As rates climb, you can expect credit balances with variable rates, such as variable rate mortgages, home equity lines of credit (HELOCs), and secured & unsecured credit lines to increase their rates accordingly. As a result, borrowers will now pay more interest each month on these balances. Credit card rates (which are generally sky-high at 19.99 – 28.99 per cent) won’t be affected, but the rates are so high that you shouldn’t carry balances anyway.

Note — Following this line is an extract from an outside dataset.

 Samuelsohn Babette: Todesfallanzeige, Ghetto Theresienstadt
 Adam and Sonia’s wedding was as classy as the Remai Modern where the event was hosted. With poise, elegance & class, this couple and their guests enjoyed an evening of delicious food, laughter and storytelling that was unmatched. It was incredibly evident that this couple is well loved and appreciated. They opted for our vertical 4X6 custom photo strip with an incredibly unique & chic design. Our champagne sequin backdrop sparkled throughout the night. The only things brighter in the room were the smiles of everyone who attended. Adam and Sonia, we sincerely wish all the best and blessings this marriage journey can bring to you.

Bottom line: pay down those credit lines where possible to avoid paying more interest each month.

WEEKLY MARKET WRAP-UP

North America
The TSX closed at 16308, down -41 points or -0.25% over the past week. YTD the TSX is up 0.61%.
The DOW closed at 25803, up 507 points or 2.00% over the past week. YTD the DOW is up 4.39%.
The S&P closed at 2786, up 43 points or 1.57% over the past week. YTD the S&P is up 4.19%.
The Nasdaq closed at 7261, up 124 points or 1.74% over the past week. YTD the Nasdaq is up 5.19%.
Gold closed at 1339, up 14.00 points or 1.13% over the past week. YTD gold is up 2.21%.
Oil closed at 64.43, up 2.99 points or 4.87% over the past week. YTD oil is up 6.64%.
The USD/CAD closed at 0.80239, down -0.0044 points or -0.55% over the past week. YTD the USD/CAD is up 0.89%.

Europe/Asia
The MSCI closed at 2172, up 15 points or 0.70% over the past week. YTD the MSCI is up 3.28%.
The Euro Stoxx 50 closed at 3613, up 5 points or 0.14% over the past week. YTD the Euro Stoxx 50 is up 3.11%.
The FTSE closed at 7779, up 55 points or 0.71% over the past week. YTD the FTSE is up 1.18%.
The CAC closed at 5517, up 46 points or 0.84% over the past week. YTD the CAC is up 3.84%.
DAX closed at 13245, down -75.00 points or -0.56% over the past week. YTD DAX is up 2.53%.
Nikkei closed at 23654, down -61.00 points or -0.26% over the past week. YTD Nikkei is up 3.91%.
The Shanghai closed at 3429, up 37.0000 points or 1.09% over the past week. YTD the Shanghai is up 3.69%.

Fixed Income
The 10-Yr Bond closed at 2.55, up 0.0700 points or 2.82% over the past week. YTD the 10-Yr Bond is up 6.25%.